Якобы Мануэль, известясь о предстоящей казни Брандтера, ласковыми увещаниями и золотом (он и в самом деле вручил Ханне туго набитый кошель) вынудил забеременевшую от него девушку просить о помиловании преступника. Согласием осужденного он, мол, тоже заручился заблаговременно, а именно в ночь перед казнью. Ведь караул в гарнизонной тюрьме, подчеркнул рассказчик, несли в тот день Кольтуцциевы драгуны, а вовсе не богемские уланы, как утверждают некоторые. Так что графу ничего не стоило войти в камеру к бедному грешнику и даже позволить будущей невесте висельника глянуть на этого, как все знают, пригожего парня собственными очами. На тот случай, ежели они и вправду поженятся, граф посулил дать им еще денег и слово свое сдержал.
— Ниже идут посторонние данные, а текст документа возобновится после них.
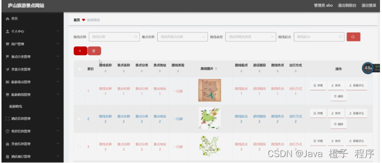 图5-12旅游路线管理界面图
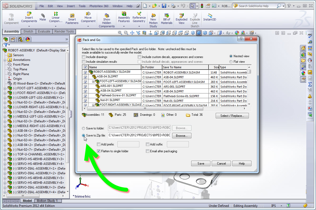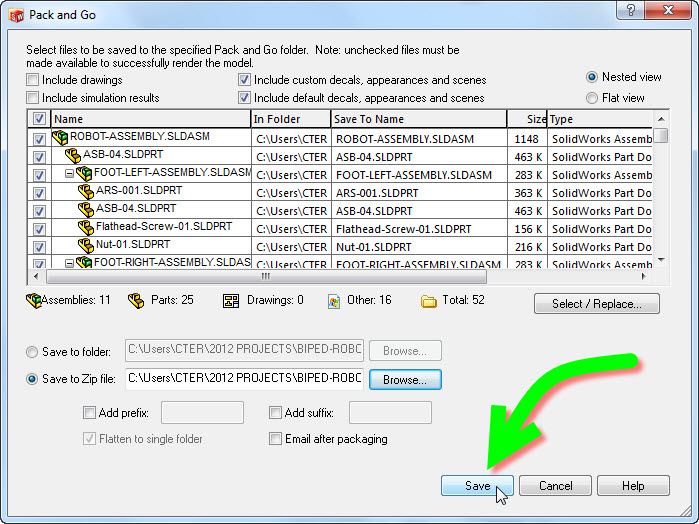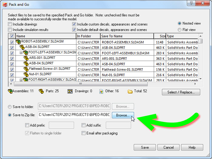 How to make a ZIP File using SOLIDWORKS Pack and Go Feature ?
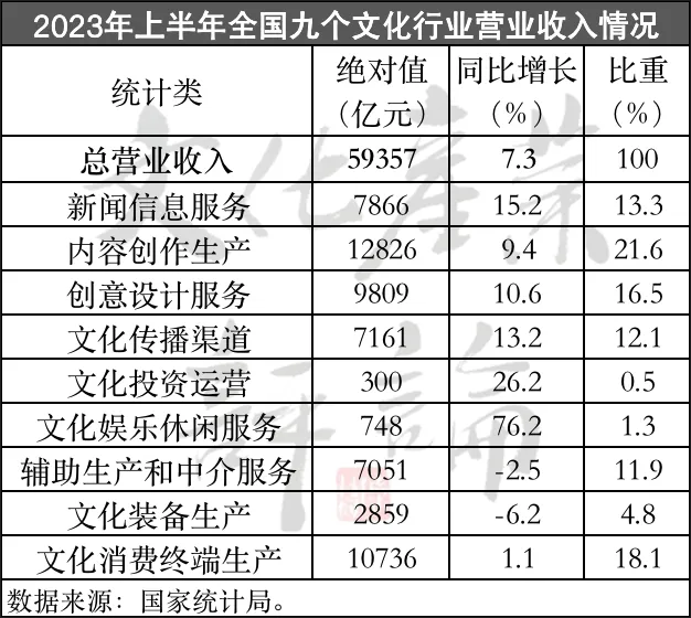 根据国家统计局发布的《2023年上半年全国规模以上文化及相关产业企业数据》,在上半年全国9个文化行业中(详见下表),新闻信息服务、内容创作生产、创意设计服务、文化传播渠道、文化娱乐休闲服务等7个行业,保持了稳中向好的增长态势。辅助生产和中介服务和文化装备生产2个行业,再次出现了连续两年负增长,不利因素与文化制造业和文化相关领域基本一致。
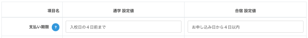 入校種別(通学/合宿)ごとの共通設定を行うためのメニューです。
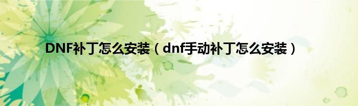 以上就是【DNF补丁怎么安装,dnf手动补丁怎么安装】相关内容。
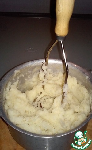 Толкушкой для приготовления пюре, тщательно разминаем картофель.
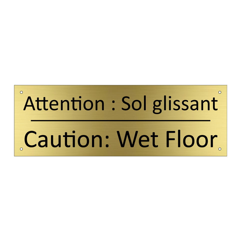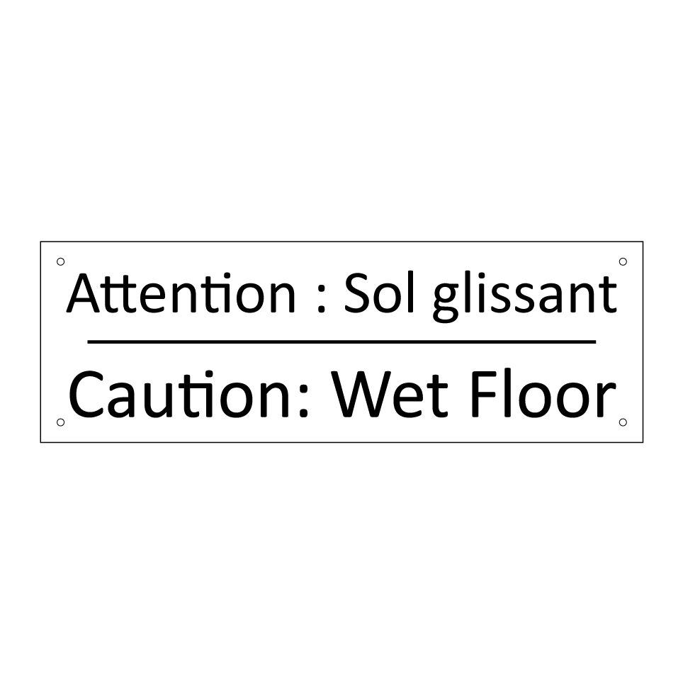 Panneau d'information avec le texte Attention : Sol glissant|Caution: Wet Floor en français et en anglais.
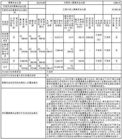 以前年度累计已使用募集资金19,908.91万元,收到银行存款利息扣除银行手续费等的净额532.92万元。2023年上半年度实际使用募集资金16,096.47万元(其中募集资金投资项目1,096.47万元,闲置募集资金暂时补充流动资金15,000.00万元),收到银行存款利息扣除银行手续费等的净额8.29万元。
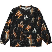 Rin is a long sleeve black top with a print of various partying aninals. The bear, penguins, tiger, monkeys and many other animals are dancing their hearts out.
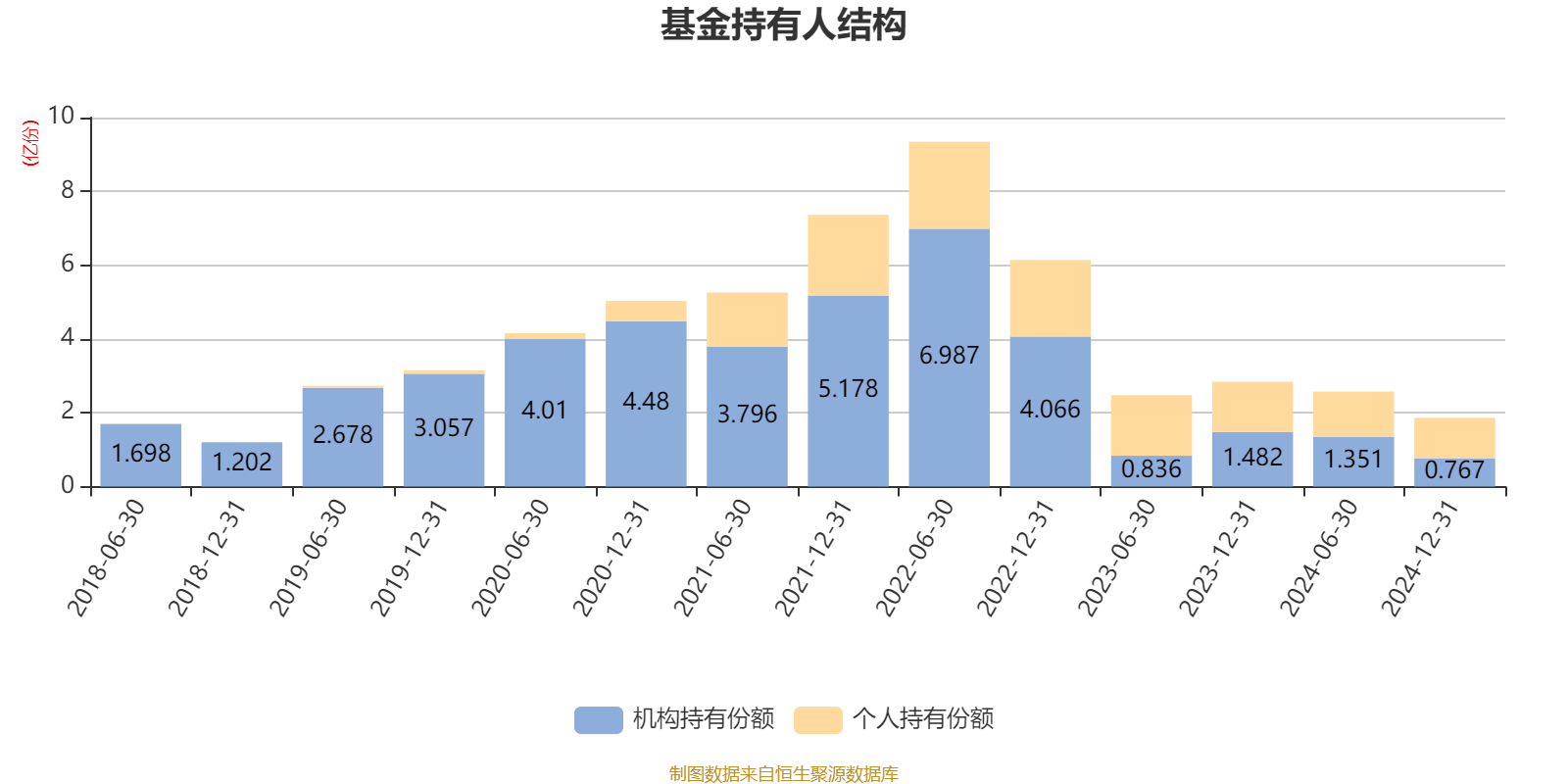 截至2024年12月31日,基金持有人共计6689户,合计持有1.86亿份。其中管理人员工持有109.89万份,占比0.59%,机构持有份额占比41.17%,个人投资者占比58.83%。

Что касается лично его (тут рассказчик взял новую понюшку), то ему вполне понятно, откуда пошла эта злобная сплетня: однажды после званого вечера в доме Аранды, где пресловутая Ханна служила горничной, он наблюдал, как в прихожей, когда эта особа подавала Мануэлю плащ, граф непозволительным образом — это рассказчик вынужден заметить — с нею любезничал, а вручая ей обычные чаевые, в сем случае то был целый талер или другая монета того же достоинства, на несколько секунд задержал ее руку в своей. Вполне вероятно, что в тот вечер хорошенькая девушка просто на минутку приглянулась графу, о чем он тотчас же забыл, да и какой кавалер в целом свете поставит ему это в укор? Однако некоторые из гостей, выйдя ненароком в прихожую, оказались свидетелями сего маленького evenement [48], в том числе и дамы — нет, баронессы Доксат среди них не было, и совершенно напрасно возлагают на нее вину за эту сплетню. Так что здесь и следует усматривать одно из тех мелких, но вполне истинных происшествий, коих, как он уже говорил, случилось немало, их-то впоследствии, когда история эта привлекла к себе всеобщее внимание, и вспомнили всевозможные сплетники и пускатели слухов, сделав сии пустячные, но действительно происшедшие события исходной точкой своей болтовни и в известном смысле потянув отсюда нить для дальнейшего плетения. Как зовется подлец, пустивший эти слухи первым, — до этого теперь уж, к сожалению, не дознаться, стало быть, нет и возможности попотчевать его по заслугам.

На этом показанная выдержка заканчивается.